The functions below are used for training and testing the RL agents. The train and test logs are saved as `.csv` files for further analysis

In [5]:
NB_TRAINING_STEPS = 20000
NB_EVALUATION_EPISODES = 100

# variable for naming .csv files.
# Change this according to the type of opponent, e.g. MaxPlayer, RandomPlayer, Pretrained RL Player
TRAINING_OPPONENT = 'FrozenRLPlayerDQN'

# set random seeds
tf.random.set_seed(0)
np.random.seed(0)

# Training and testing functions
def agent_training(player, agent, nb_steps, filename):
    '''
    Function for training agent and saving the model history.
    '''
    model = agent.fit(player, nb_steps=nb_steps)
    
    # save model history to csv
    save_file = f"{filename}_trainlog_{nb_steps}eps.csv"
    print("===============================================")
    print(f"Saving model history as {save_file}")
    print("===============================================")
    pd.DataFrame(model.history).to_csv(save_file)
    
    player.complete_current_battle()


def agent_evaluation(player, agent, nb_episodes, filename):
    '''
    Function for testing the agent and saving the model history.
    '''
    
    # Reset battle statistics
    player.reset_battles()
    model = agent.test(player, nb_episodes=nb_episodes, visualize=False, verbose=False)
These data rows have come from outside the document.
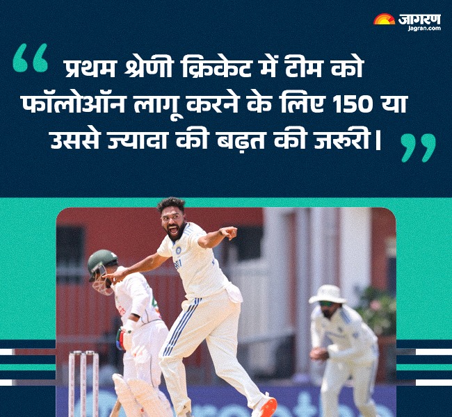 - रणजी ट्रॉफी जैसे घरेलू प्रथम श्रेणी क्रिकेट टूर्नामेंट में एक टीम को फॉलोऑन लागू करने के लिए 150 या उससे ज्यादा की बढ़त की जरूरत होती है।
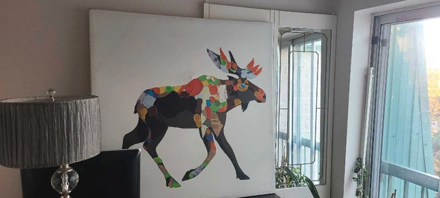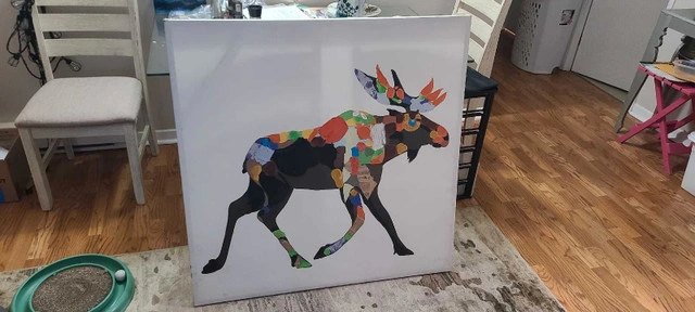 60Add a touch of creativity and Canadian charm to your space with this striking moose art piece! The painting features a black moose silhouette filled with bold, colorful abstract patches and collage textures, creating a unique and eye catching look. Perfect for a living room, cabin, office, or entryway — it’s a modern take on rustic wildlife art. Medium: Mixed media on canvas (paint and collage) Size: Large (approx. 40" x 40") Condition: Excellent Style: Modern, Abstract, Nature-inspired Colors: Black base with bright multicolor accents Ready to hang or display as-is. Price: $30 (or best offer) Pickup Location: Beamsville, ON
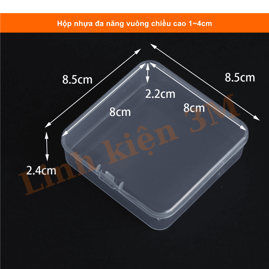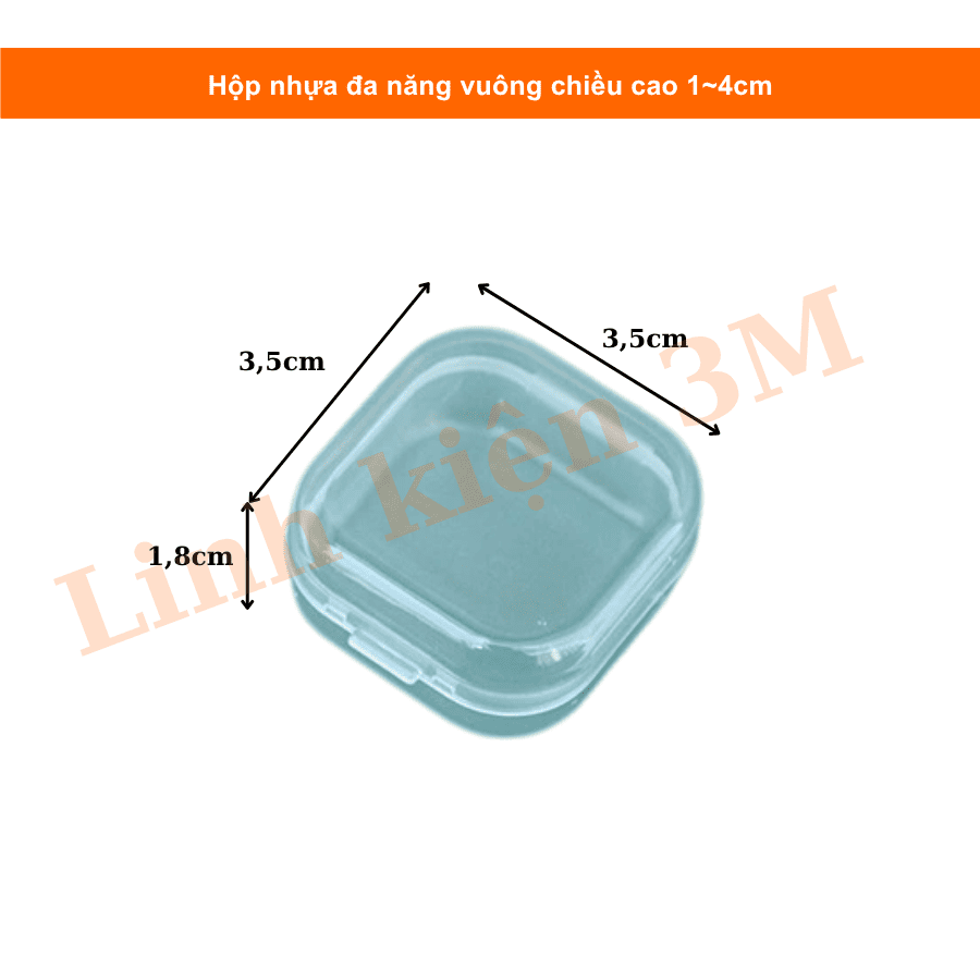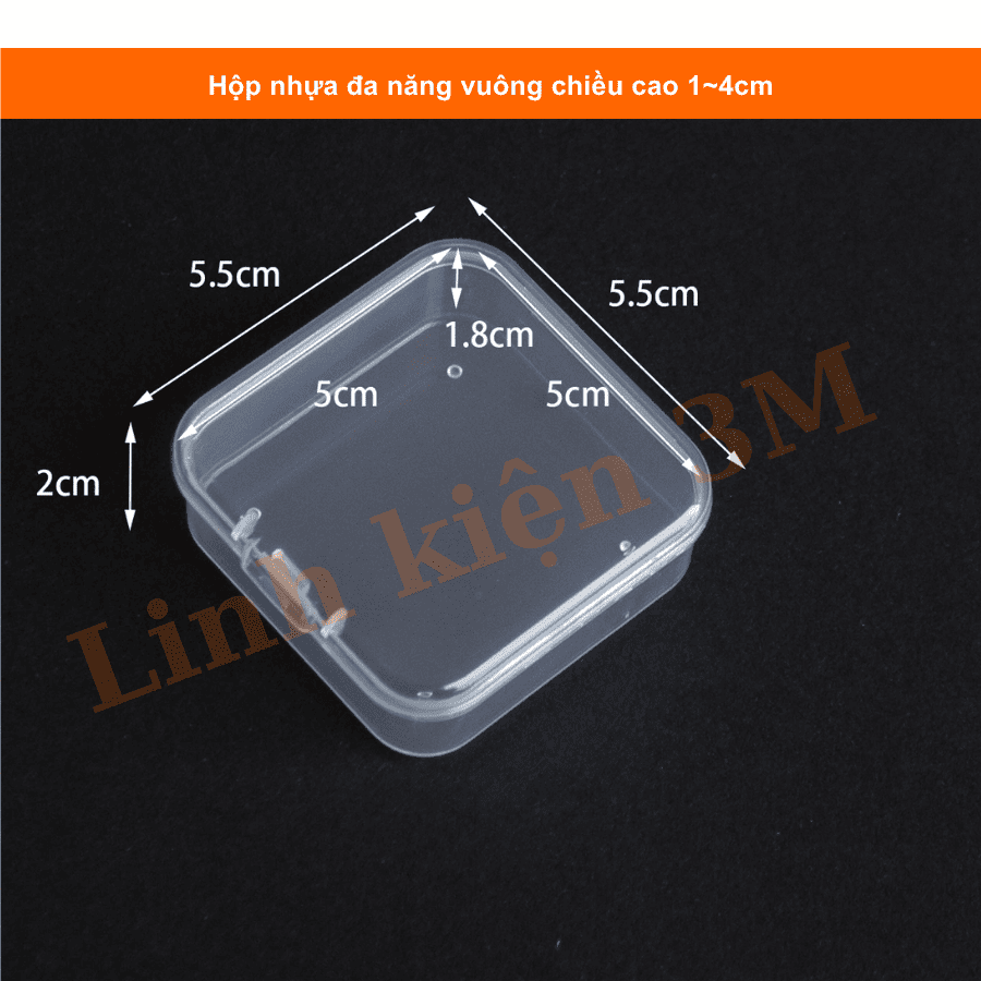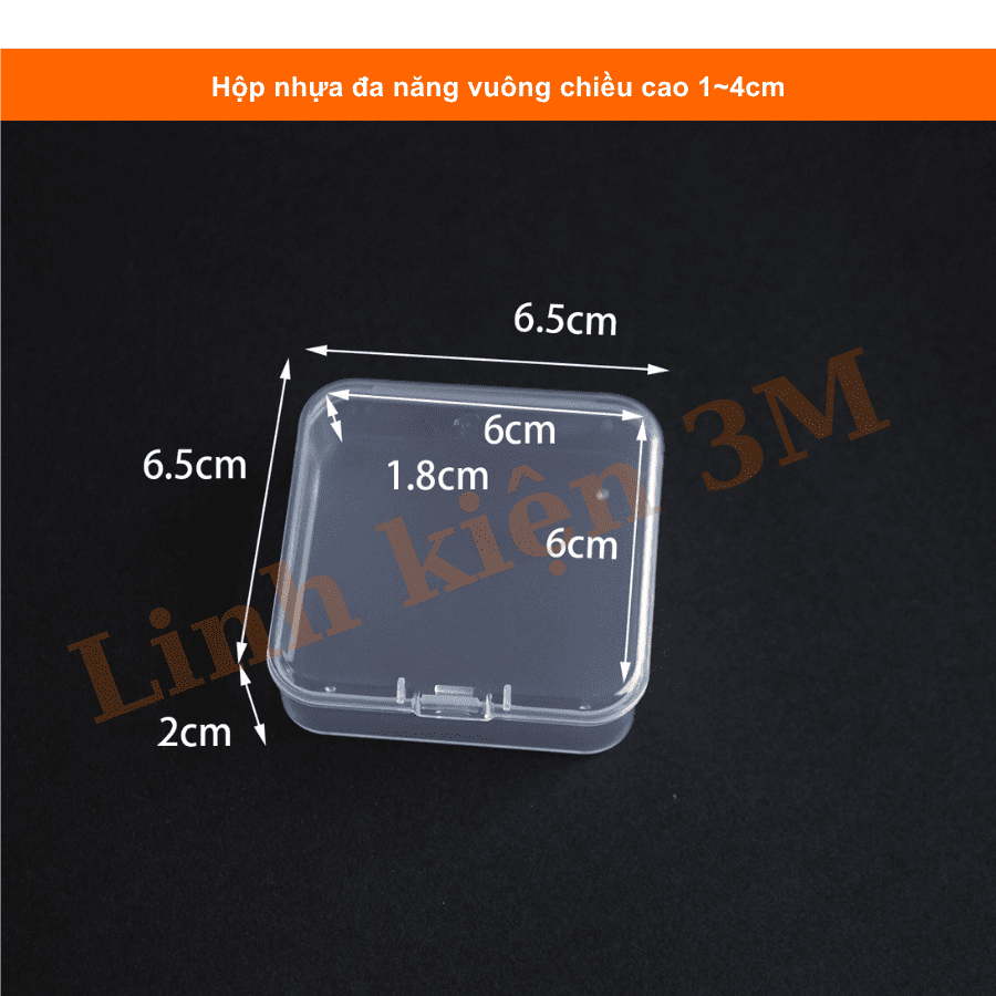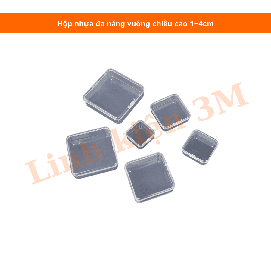 Hộp nhựa đa năng vuông chiều cao 1~4cm là lựa chọn tiện lợi để bảo quản linh kiện điện tử, ốc vít, module, cảm biến, đầu nối, tụ, điện trở... hoặc các vật dụng nhỏ trong phòng thí nghiệm, bàn làm việc, mô hình STEM. Với thiết kế vuông vắn, chắc chắn, nhiều kích thước lựa chọn, sản phẩm giúp bạn sắp xếp gọn gàng, khoa học và chuyên nghiệp hơn.
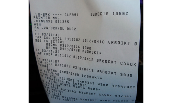 Фактическая погода EDDL (Дюссельдорф): видимость 300 метров, туман, разбросанная облачность на высоте 30 метров. В ближайшие два часа ожидается видимость 6 километров
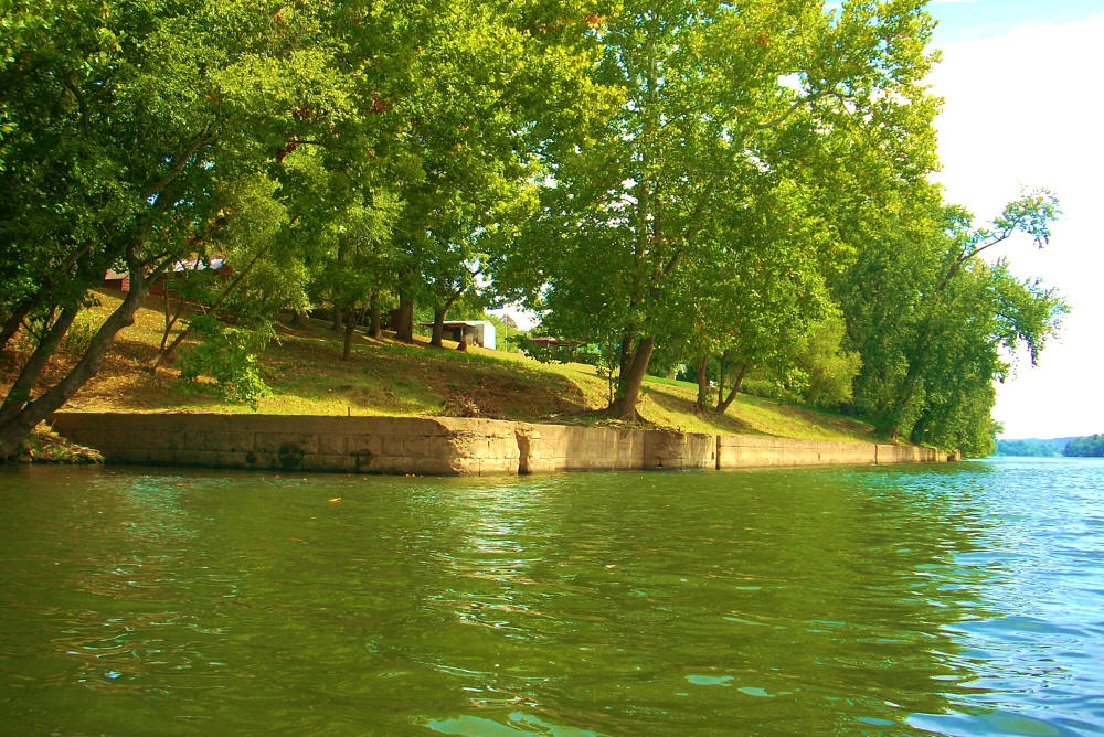 Next comes a long, stone embankment that extends upriver for 4,000 yards according to some signs here. Thus begins the Winfield Lock and Dam grounds. According to the link provided, these grounds are quite notable as they contain five recreation areas, a visitors center, an overlook, some observation areas, several wildlife ponds and all of this area can be used for fishing acess. You'll note what look like walkways down to the river in the second photo below. As I paddled by I wondered if they'd allow you use these to put a kayal in. That sure would make it easier for me to come back and see how far back Hurrican Creek goes!

    # save model history to csv
    save_file = f"{filename}_testlog_{nb_episodes}eps.csv"
    print("===============================================")
    print(f"Saving model history as {save_file}")
    print("===============================================")
    pd.DataFrame(model.history).to_csv(save_file)
    
    print(
          "Model Evaluation: %d victories out of %d episodes"
          % (player.n_won_battles, nb_episodes)
          )

# Define the Frozen RL Model and Load a Pretrained Model

In the cell below, we define the appropriate Keras RL object for our preferred frozen model to use for the FrozenRLPlayer class. 

The loaded model should be one that was pretrained beforehand. 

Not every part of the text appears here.